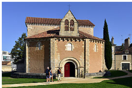
Baptistère Saint-Jean

Edifié au Ve siècle, le baptistère Saint-Jean est l'un des plus anciens monuments chrétiens de France, voire d'Europe. Son décor extérieur constitue un précieux et rare témoin de l'art mérovingien. Ayant subi plusieurs transformations architecturales entre les Ve et XIe siècles, il se distingue par son décor sculpté extérieur du VIIe siècle fait de pierre et de brique, et par la grande qualité de son décor intérieur peint des XIe et XIIIe siècles. Vendu comme bien national, il est sauvé de la destruction et racheté par l'Etat en 1834. Aujourd'hui, y est exposée une très belle collection de sarcophages mérovingiens.
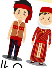
Halk Oyunları Kıyafetleri
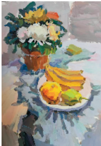
钱晨(天津美术学院) 静物 水彩
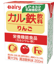
カル鉄飲料 りんご
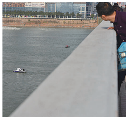
▲3月1日下午,株洲大桥下,公安正在江面上搜救

当天晚上8点,记者从株洲市公安局治安支队八大队了解到,救援工作仍在紧张进行,目前还没找到该女子。
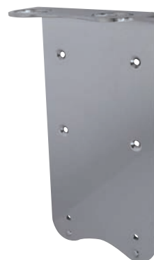
BEUGEL DUBBEL Double bracket 5340403
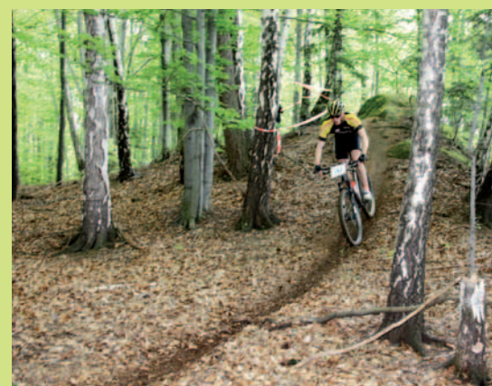
Trasa była atrakcyjna i trudna
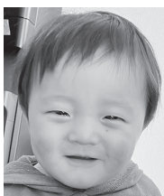
祝1歳♡ 兄弟仲良くみんな 楽しく過ごそうね☆
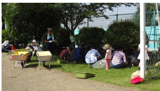
校庭の除草（プール東側の芝生）
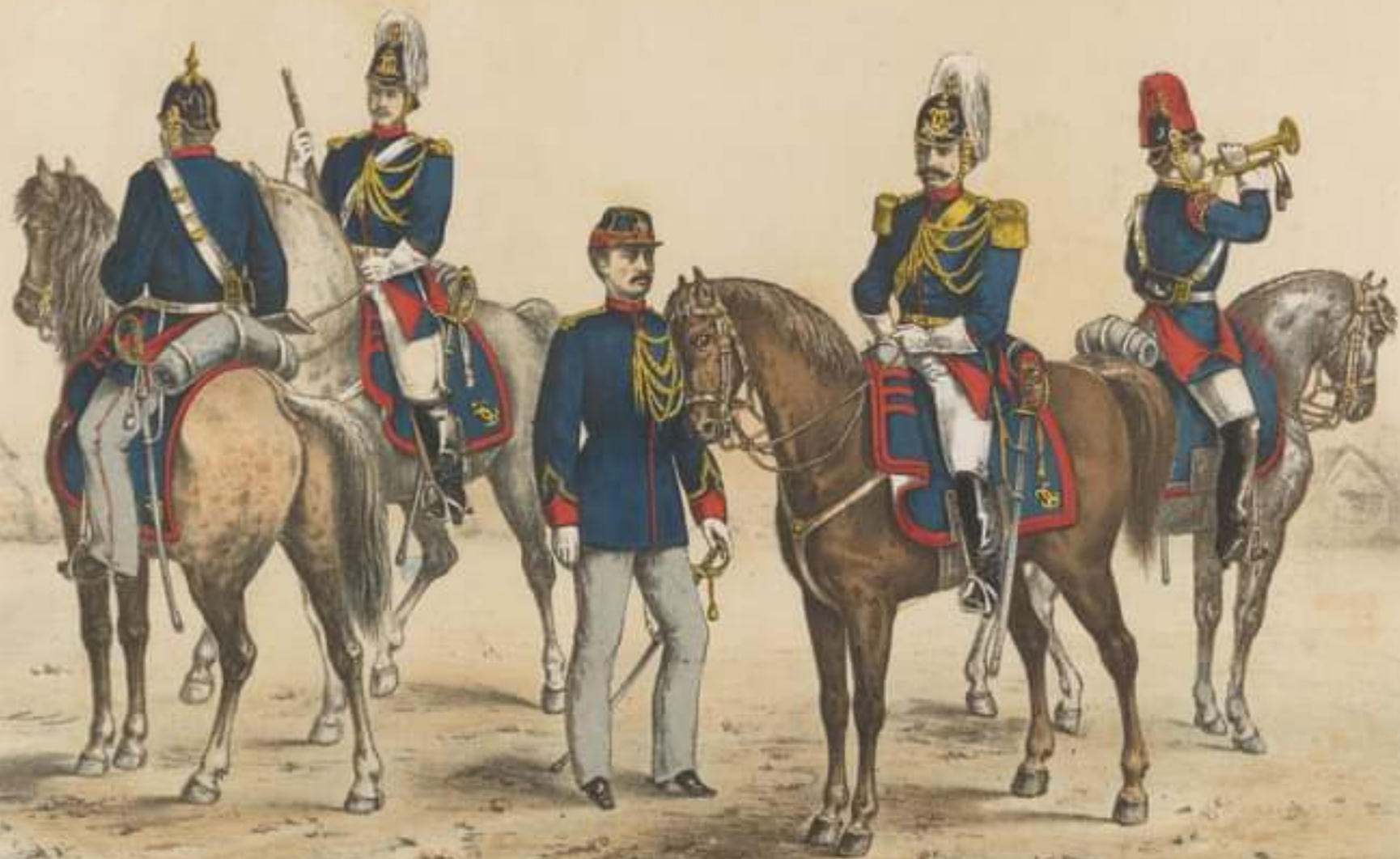
SOLDAT Mică ținută.
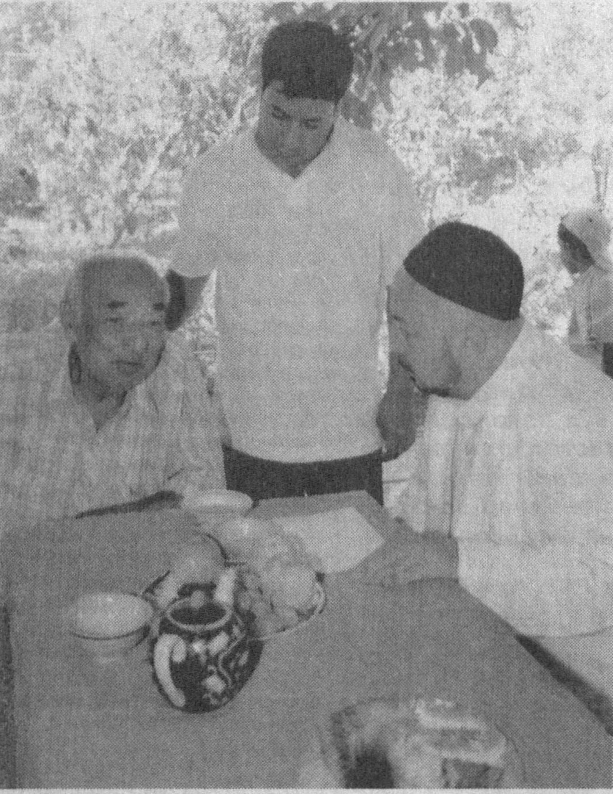
Алломонинг сўнги сурати. Бўстонлик, 2005 йил 14 август.

вафоти муносабати билан марҳумнинг оила аъзолари ва дўст-биродарларига чўқур ҳамдардик изхор этади.
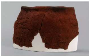
3 | - 6 出土土器 (第 372 图 370)
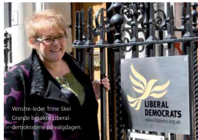
Venstre-leder Trine Skei Grande besøkte Liberaldemokratene på valgdagen.
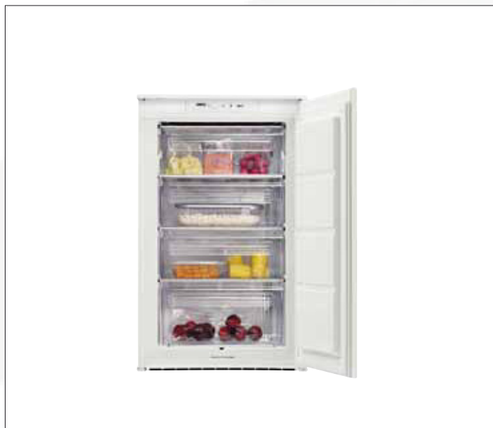
Nische 88 cm Integrierbarer Gefrierschrank
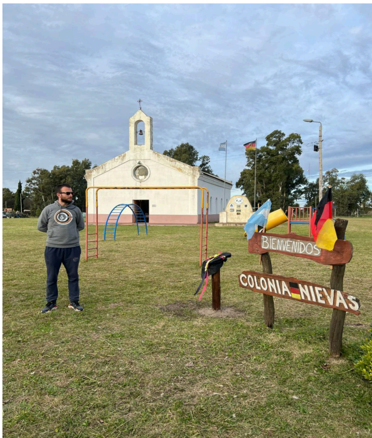
Fotografía 2. Inauguración del Sendero de Interpretación Identitario de Colonia Nuevas, Colonia Nuevas, mayo 2024
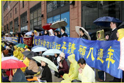
美国纽约学员纪念“四·二五”

历次运动中，中共要打倒谁，得先给戴上几顶“帽子”；“4.25”法轮功学员上访，诉
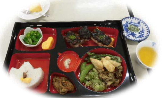
世界の家庭料理：日本料理(桜ご飯)
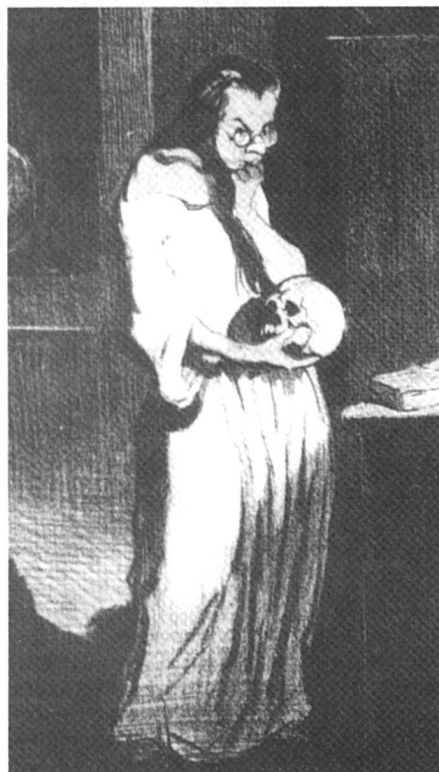
Femme de lettre humanitaire se livrant sur l'homme à des réflexions crânement philosophiques | selon H. Daumier.

Les femmes ont compris qu'elles nageaient en pleine utopie et que pour avoir la moindre chance de gagner dans un jeu où les règles ont été écrites par des hommes pour des hommes, il leur fallait s'incliner comme une femme. Aussi ont-elles fini par apprendre et appliquer ces règles, somme toute assez simples, et qui sont au nombre de deux pour qui postule à une position dans le corps professoral : première exigence sans laquel-

What you need to do – Each record should be written out exactly, and each image should be omitted.

Answer section –
Baptistère Saint-Jean

Edifié au Ve siècle, le baptistère Saint-Jean est l'un des plus anciens monuments chrétiens de France, voire d'Europe. Son décor extérieur constitue un précieux et rare témoin de l'art mérovingien. Ayant subi plusieurs transformations architecturales entre les Ve et XIe siècles, il se distingue par son décor sculpté extérieur du VIIe siècle fait de pierre et de brique, et par la grande qualité de son décor intérieur peint des XIe et XIIIe siècles. Vendu comme bien national, il est sauvé de la destruction et racheté par l'Etat en 1834. Aujourd'hui, y est exposée une très belle collection de sarcophages mérovingiens.
Halk Oyunları Kıyafetleri
钱晨(天津美术学院) 静物 水彩
カル鉄飲料 りんご
▲3月1日下午,株洲大桥下,公安正在江面上搜救

当天晚上8点,记者从株洲市公安局治安支队八大队了解到,救援工作仍在紧张进行,目前还没找到该女子。
BEUGEL DUBBEL Double bracket 5340403
Trasa była atrakcyjna i trudna
祝1歳♡ 兄弟仲良くみんな 楽しく過ごそうね☆
校庭の除草（プール東側の芝生）
SOLDAT Mică ținută.
Алломонинг сўнги сурати. Бўстонлик, 2005 йил 14 август.

вафоти муносабати билан марҳумнинг оила аъзолари ва дўст-биродарларига чўқур ҳамдардик изхор этади.
3 | - 6 出土土器 (第 372 图 370)
Venstre-leder Trine Skei Grande besøkte Liberaldemokratene på valgdagen.
Nische 88 cm Integrierbarer Gefrierschrank
Fotografía 2. Inauguración del Sendero de Interpretación Identitario de Colonia Nuevas, Colonia Nuevas, mayo 2024
美国纽约学员纪念“四·二五”

历次运动中，中共要打倒谁，得先给戴上几顶“帽子”；“4.25”法轮功学员上访，诉
世界の家庭料理：日本料理(桜ご飯)
Femme de lettre humanitaire se livrant sur l'homme à des réflexions crânement philosophiques | selon H. Daumier.

Les femmes ont compris qu'elles nageaient en pleine utopie et que pour avoir la moindre chance de gagner dans un jeu où les règles ont été écrites par des hommes pour des hommes, il leur fallait s'incliner comme une femme. Aussi ont-elles fini par apprendre et appliquer ces règles, somme toute assez simples, et qui sont au nombre de deux pour qui postule à une position dans le corps professoral : première exigence sans laquel-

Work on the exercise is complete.